[[ Data for this exercise, beginning ]]

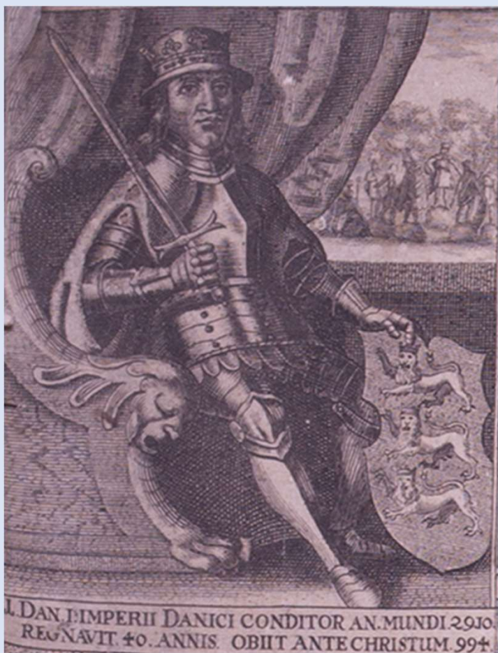
Nr. 1 - Kong Dan, 994 f.Kr.

Omkring 1000 f.Kr. eksisterede "Danmark" ikke som en samlet politisk enhed eller et navn. Navnet "dane" optræder først i skriftlige kilder omkring 500-tallet e.Kr.
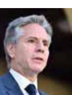
وزیر امور خارجه چین

وزیر خارجه آمریکا در سخنانی مدعی شد، پکن در نظر دارد در دوره ریاست جمهوری «شی جین پینگ» طی یک جدول زمانی بسیار سریع، تایوان را به خاک چین ملحق کند. به گزارش سایت شبکه خبری العالم به نقل از گاردین، آنتونی بلینکن که در اندیشه‌های آمریکا «بنیاد هور» سخن می‌گفت در جریان این نشست این ادعا را بدون ارائه هیچ سندی مطرح کرد و به چین هشدار داد، چنین اقدامی باعث ایجاد اختلاف شدید در اقتصاد جهانی خواهد شد. او که به همراه کاندولیزا رایس در این نشست حضور داشت، ادعا کرد که صلح و ثبات بین چین و تایوان با موفقیت طی دهه‌ها حفظ شده بود اما پکن رویکرد خود را تغییر داده است.
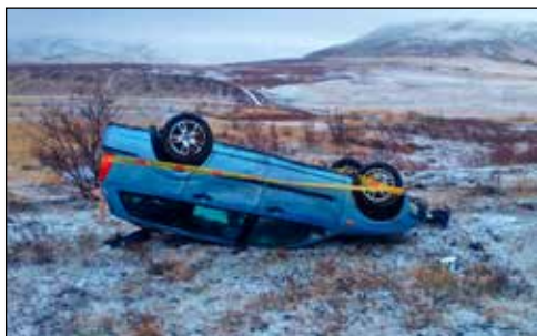
Oltinn á Ásunum.

Ásarnir taka sinn toll. Einkennilegur bretavegur yfir hæð, sem er óþarfi. Áður var farið með fram Köldukvísl. Deiliskipulag vegar í gegnum Mosfellsdal ætti ná frá Vesturlandsvegi að Grænuþorg. Allt annað er hjóm og bútasamur. Eins má nefna svokallað bæjarhlið, sem átti að minna ökumenn á að byggð væri fram undan. Eitt hlið er komið undir Úlfarsfelli, sem af einhverjum ástæðum lítur út eins og kamar.
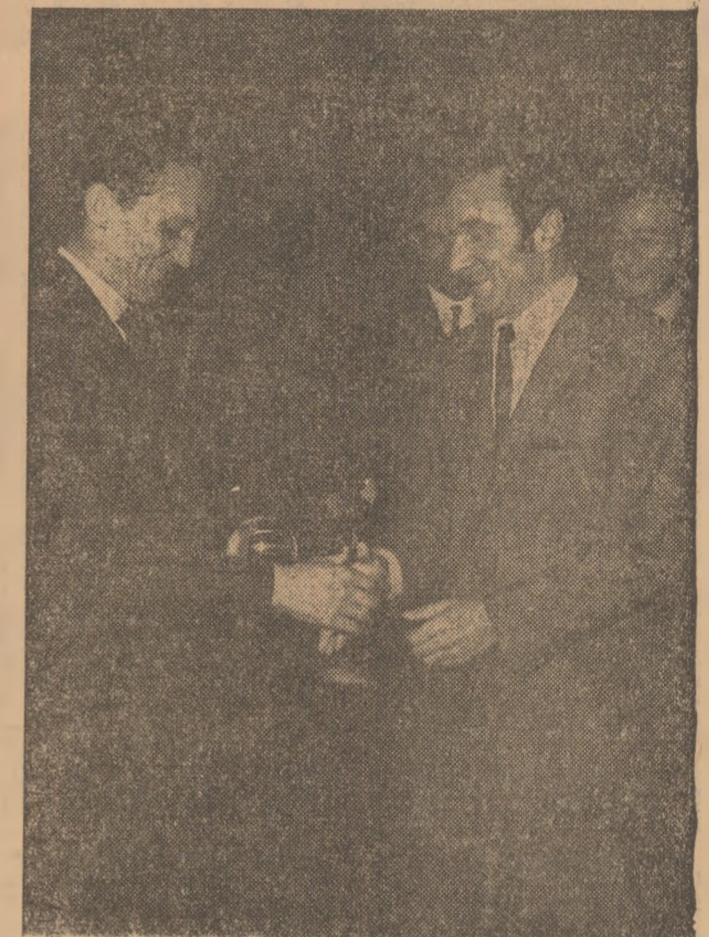
Florian Albert (în stînga fotografiei noastre) celebrul echipier al lui Ferencvaros, primind „Balom de aur”, acordat de revista franceză de specialitate „France-Football” celui mai bun fotbalist al anului 1967

Sărbătorile legate de aniversarea a 70 de ani de la fondarea clubului au și început. La 14 ianuarie a avut loc ședința comemorativă și reuniunile festive se vor desfășura pe parcursul întregii
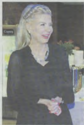
Satysfakcja po 6 latach procesu

Wskazuje, że sędziowie w ustnym uzasadnieniu wyroku „podkreślili naganne postępowanie zarządu spółki, które spowodowało znaczne odstąpienie od projektu, bardzo złe wykonanie budowy oraz wiele błędów popełnionych podczas budowy obiektu”, a także „nie ukrywali oburzenia co do zaistniałej sytuacji i zachowania zarządu spółki, który doprowadził
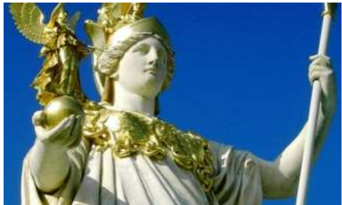
A Győzelem istennőjét, Nikét a kezében tartó Athéné szobor Bécsben, a Parlament előtt

Athéné, azon túl, hogy nőies volt, mindig humánusnak bizonyult. Elfordult azoktól, akik akár a háborúban is, megszegték az emberiség szabályait. A „heten Théba elleni” harcok során nem segített addigi pártfogoltján Tüdeuszon, amikor az, halálosan megsebesülve ellenfele levágott fejéből az agyvelőjét szívta ki, hogy visszanyerje életerejét, vagyis kannibalizmust követett el. Elfordult a görögök támogatásától, amikor Trója feldúlása közben a „kis” Aiasz az ő szobra előtt erőszakolta meg az egyik trójai királylányt, a jóstehetségű Kasszandrát.
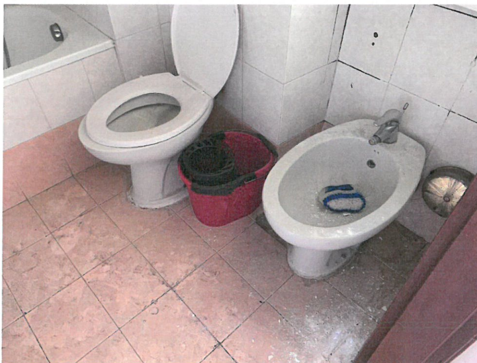
Fotografia n. 17 – Vista del locale bagno, con particolare dei sanitari
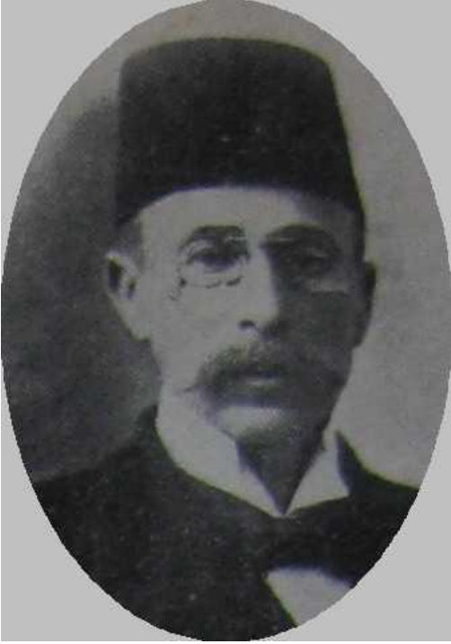
Şekerzade İzzet Efendi
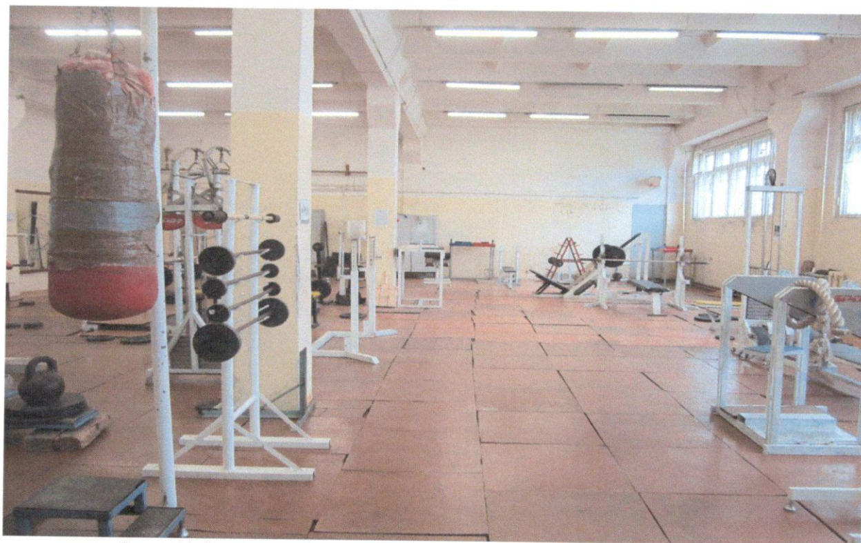
Фото 7. Зальная форма обслуживания (тренажерный зал)
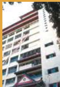
香港佛教聯合會文化中心落成
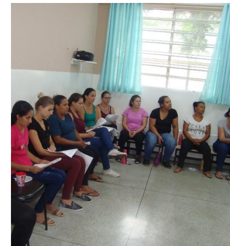
Sede: Rua Guarin João Badin, 50 – Jardim Morada do Sol – (19)3816-1637
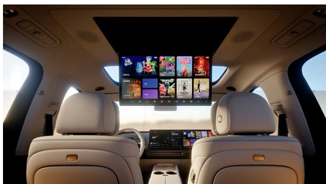
21,4" дисплей для задних пассажиров (в базе для Ultra / +7 200 BYN для Max)
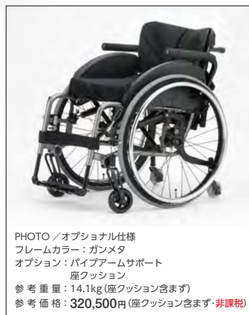
PHOTO / オプション仕様 フレームカラー：ガンメタ オプション：パイプアームサポート 座クッション 参考重量：14.1kg(座クッション含まず) 参考価格：320,500円(座クッション含まず・非課税)

PHOTO / オプション仕様 フレームカラー：プレミアムレッド(オプション) オプション：ハードアルミハンドリム アルミサイドガード パイプアームサポート ノーパンクタイヤ エアリー 座クッション 参考重量：14.0kg(座クッション含まず) 参考価格：406,900円 (座クッション含まず・非課税)
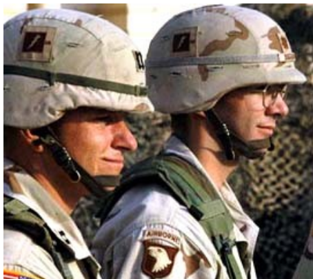
PASGT Kevlar helma -101 Airborne Iraq

barvu s bílým proužkem s nápisem MP. Další zvláštní složky měly vlastní barvou rozlišitelné helmy s nápisem. Dokonce i chromované helmy, použitelné na zvláštní příležitosti a slavnosti pro některé jednotky. Bavlněné maskovací pletivo bylo hojně využíváno v první linii, pro zasunutí větví a trávy. Armáda neměla standardní výrobu těchto až do r. 1945 (Japonsko-prosinec 1944 Evropa a tak se používala maskovací síť z jeepů a tanků. První maskovací povlak se použil pro USMC v Tarawa 1943 - zhotovený z kepru s potiskem jehličnatých stromů, který se po zvlhnutí v tropickém podnebí napnul na helmu, poté zhnědl a dokonale maskoval vojákovu hlavu.
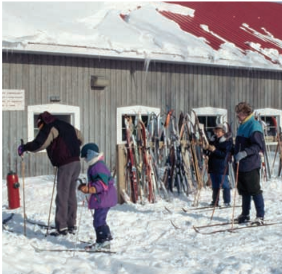
Le relais, situé au 1798, chemin du Lac

Partout sur le territoire de Longueuil, il existe de nombreux parcs où l'on peut patiner et marcher l'hiver. Renseignez-vous auprès du Service du loisir, de la culture et de la vie communautaire de votre arrondissement pour connaître les sites les plus près de chez vous.
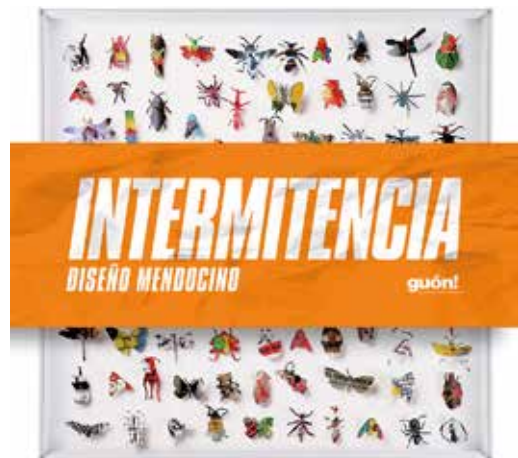
Fig. 13. Intermitencia, próximo libro Fundación del Interior

La reedición de Colbo apuesta a la innovación apoyada en el uso de nuevas tecnologías para dar continuidad a la herencia moderna.
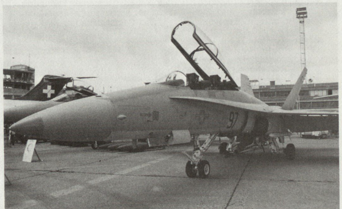
Zweisitzige F-18-Version am «Salon aéronautique de Paris» 1983.
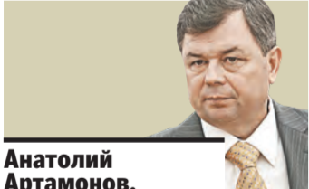
Анатолий Артамонов, губернатор Калужской области:

— Наша область крайне заинтересована во всестороннем расширении сотрудничества с белорусскими партнерами. Хочется, чтобы это сотрудничество росло в таких актуальных для нас направлениях, как жилищное строительство и сельское хозяйство. Калужане успешно используют наработку белорусских коллег в авиарной сфере. В нашей особой экономической зоне в Людиново можно наладить производство на взаимовыгодных условиях. Найдется место для белорусских предпринимателей и в индустриальном парке «Грибцево».
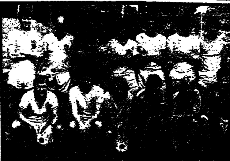
المنتخب الوطني السويدي يابل مفاجأة منتخب اسراييل والقوز عليه .. هكذا يابل مدرب المنتخب

قرر الاتحاد العام لكرة القدم الاسرائيلي في جلسة خاصة منح كل لاعب من لاعبي منتخب الوطني الاسرائيلي مبلغ ٣٠ ألف ليرة في حالة فوز اسراييل .. اما في حالة تعادل المنتخب الاسرائيلي فسيتم منح كل لاعب عشرة آلاف ليرة فقط .
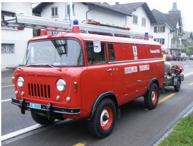
Willys Jeep FC-170 der Feuerwehr Vordemwald

Von 1957-1964 wurde von Willys eine ganz besondere Variante angeboten, das Modell FC (= Forward Control (Frontlenker)). Der FC-150, Nutzlast \frac{3}{4} t, mit 4-Zylinder Motor, 75 PS, und der FC-170, Nutzlast 1 t, mit dem 6-Zylinder Motor
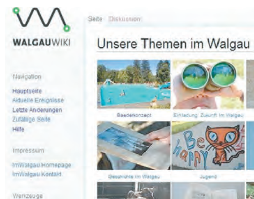
Das WalgauWiki ist ein mögliches Instrument,....
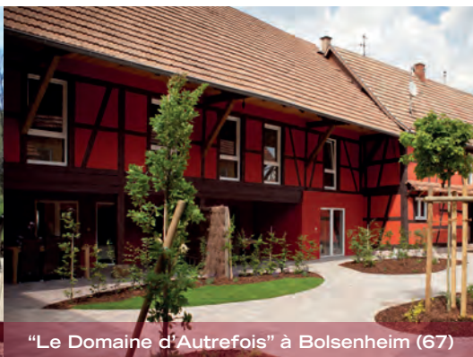
"Le Domaine d'Autrefois" à Bolsenheim (67)
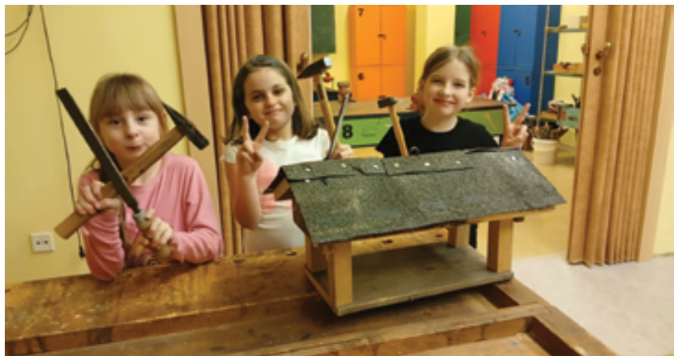
Skautské středisko Údolí, zimní činnosti, str. 37

[[ Data for this exercise, end ]]

■ Exercise: Your answer must be the full listing, copied exactly, with no pictures in it.

■ Solution:
Nr. 1 - Kong Dan, 994 f.Kr.

Omkring 1000 f.Kr. eksisterede "Danmark" ikke som en samlet politisk enhed eller et navn. Navnet "dane" optræder først i skriftlige kilder omkring 500-tallet e.Kr.
وزیر امور خارجه چین

وزیر خارجه آمریکا در سخنانی مدعی شد، پکن در نظر دارد در دوره ریاست جمهوری «شی جین پینگ» طی یک جدول زمانی بسیار سریع، تایوان را به خاک چین ملحق کند. به گزارش سایت شبکه خبری العالم به نقل از گاردین، آنتونی بلینکن که در اندیشه‌های آمریکا «بنیاد هور» سخن می‌گفت در جریان این نشست این ادعا را بدون ارائه هیچ سندی مطرح کرد و به چین هشدار داد، چنین اقدامی باعث ایجاد اختلاف شدید در اقتصاد جهانی خواهد شد. او که به همراه کاندولیزا رایس در این نشست حضور داشت، ادعا کرد که صلح و ثبات بین چین و تایوان با موفقیت طی دهه‌ها حفظ شده بود اما پکن رویکرد خود را تغییر داده است.
Oltinn á Ásunum.

Ásarnir taka sinn toll. Einkennilegur bretavegur yfir hæð, sem er óþarfi. Áður var farið með fram Köldukvísl. Deiliskipulag vegar í gegnum Mosfellsdal ætti ná frá Vesturlandsvegi að Grænuþorg. Allt annað er hjóm og bútasamur. Eins má nefna svokallað bæjarhlið, sem átti að minna ökumenn á að byggð væri fram undan. Eitt hlið er komið undir Úlfarsfelli, sem af einhverjum ástæðum lítur út eins og kamar.
Florian Albert (în stînga fotografiei noastre) celebrul echipier al lui Ferencvaros, primind „Balom de aur”, acordat de revista franceză de specialitate „France-Football” celui mai bun fotbalist al anului 1967

Sărbătorile legate de aniversarea a 70 de ani de la fondarea clubului au și început. La 14 ianuarie a avut loc ședința comemorativă și reuniunile festive se vor desfășura pe parcursul întregii
Satysfakcja po 6 latach procesu

Wskazuje, że sędziowie w ustnym uzasadnieniu wyroku „podkreślili naganne postępowanie zarządu spółki, które spowodowało znaczne odstąpienie od projektu, bardzo złe wykonanie budowy oraz wiele błędów popełnionych podczas budowy obiektu”, a także „nie ukrywali oburzenia co do zaistniałej sytuacji i zachowania zarządu spółki, który doprowadził
A Győzelem istennőjét, Nikét a kezében tartó Athéné szobor Bécsben, a Parlament előtt

Athéné, azon túl, hogy nőies volt, mindig humánusnak bizonyult. Elfordult azoktól, akik akár a háborúban is, megszegték az emberiség szabályait. A „heten Théba elleni” harcok során nem segített addigi pártfogoltján Tüdeuszon, amikor az, halálosan megsebesülve ellenfele levágott fejéből az agyvelőjét szívta ki, hogy visszanyerje életerejét, vagyis kannibalizmust követett el. Elfordult a görögök támogatásától, amikor Trója feldúlása közben a „kis” Aiasz az ő szobra előtt erőszakolta meg az egyik trójai királylányt, a jóstehetségű Kasszandrát.
Fotografia n. 17 – Vista del locale bagno, con particolare dei sanitari
Şekerzade İzzet Efendi
Фото 7. Зальная форма обслуживания (тренажерный зал)
香港佛教聯合會文化中心落成
Sede: Rua Guarin João Badin, 50 – Jardim Morada do Sol – (19)3816-1637
21,4" дисплей для задних пассажиров (в базе для Ultra / +7 200 BYN для Max)
PHOTO / オプション仕様 フレームカラー：ガンメタ オプション：パイプアームサポート 座クッション 参考重量：14.1kg(座クッション含まず) 参考価格：320,500円(座クッション含まず・非課税)

PHOTO / オプション仕様 フレームカラー：プレミアムレッド(オプション) オプション：ハードアルミハンドリム アルミサイドガード パイプアームサポート ノーパンクタイヤ エアリー 座クッション 参考重量：14.0kg(座クッション含まず) 参考価格：406,900円 (座クッション含まず・非課税)
PASGT Kevlar helma -101 Airborne Iraq

barvu s bílým proužkem s nápisem MP. Další zvláštní složky měly vlastní barvou rozlišitelné helmy s nápisem. Dokonce i chromované helmy, použitelné na zvláštní příležitosti a slavnosti pro některé jednotky. Bavlněné maskovací pletivo bylo hojně využíváno v první linii, pro zasunutí větví a trávy. Armáda neměla standardní výrobu těchto až do r. 1945 (Japonsko-prosinec 1944 Evropa a tak se používala maskovací síť z jeepů a tanků. První maskovací povlak se použil pro USMC v Tarawa 1943 - zhotovený z kepru s potiskem jehličnatých stromů, který se po zvlhnutí v tropickém podnebí napnul na helmu, poté zhnědl a dokonale maskoval vojákovu hlavu.
Le relais, situé au 1798, chemin du Lac

Partout sur le territoire de Longueuil, il existe de nombreux parcs où l'on peut patiner et marcher l'hiver. Renseignez-vous auprès du Service du loisir, de la culture et de la vie communautaire de votre arrondissement pour connaître les sites les plus près de chez vous.
Fig. 13. Intermitencia, próximo libro Fundación del Interior

La reedición de Colbo apuesta a la innovación apoyada en el uso de nuevas tecnologías para dar continuidad a la herencia moderna.
Zweisitzige F-18-Version am «Salon aéronautique de Paris» 1983.
Анатолий Артамонов, губернатор Калужской области:

— Наша область крайне заинтересована во всестороннем расширении сотрудничества с белорусскими партнерами. Хочется, чтобы это сотрудничество росло в таких актуальных для нас направлениях, как жилищное строительство и сельское хозяйство. Калужане успешно используют наработку белорусских коллег в авиарной сфере. В нашей особой экономической зоне в Людиново можно наладить производство на взаимовыгодных условиях. Найдется место для белорусских предпринимателей и в индустриальном парке «Грибцево».
المنتخب الوطني السويدي يابل مفاجأة منتخب اسراييل والقوز عليه .. هكذا يابل مدرب المنتخب

قرر الاتحاد العام لكرة القدم الاسرائيلي في جلسة خاصة منح كل لاعب من لاعبي منتخب الوطني الاسرائيلي مبلغ ٣٠ ألف ليرة في حالة فوز اسراييل .. اما في حالة تعادل المنتخب الاسرائيلي فسيتم منح كل لاعب عشرة آلاف ليرة فقط .
Willys Jeep FC-170 der Feuerwehr Vordemwald

Von 1957-1964 wurde von Willys eine ganz besondere Variante angeboten, das Modell FC (= Forward Control (Frontlenker)). Der FC-150, Nutzlast \frac{3}{4} t, mit 4-Zylinder Motor, 75 PS, und der FC-170, Nutzlast 1 t, mit dem 6-Zylinder Motor
Das WalgauWiki ist ein mögliches Instrument,....
"Le Domaine d'Autrefois" à Bolsenheim (67)
Skautské středisko Údolí, zimní činnosti, str. 37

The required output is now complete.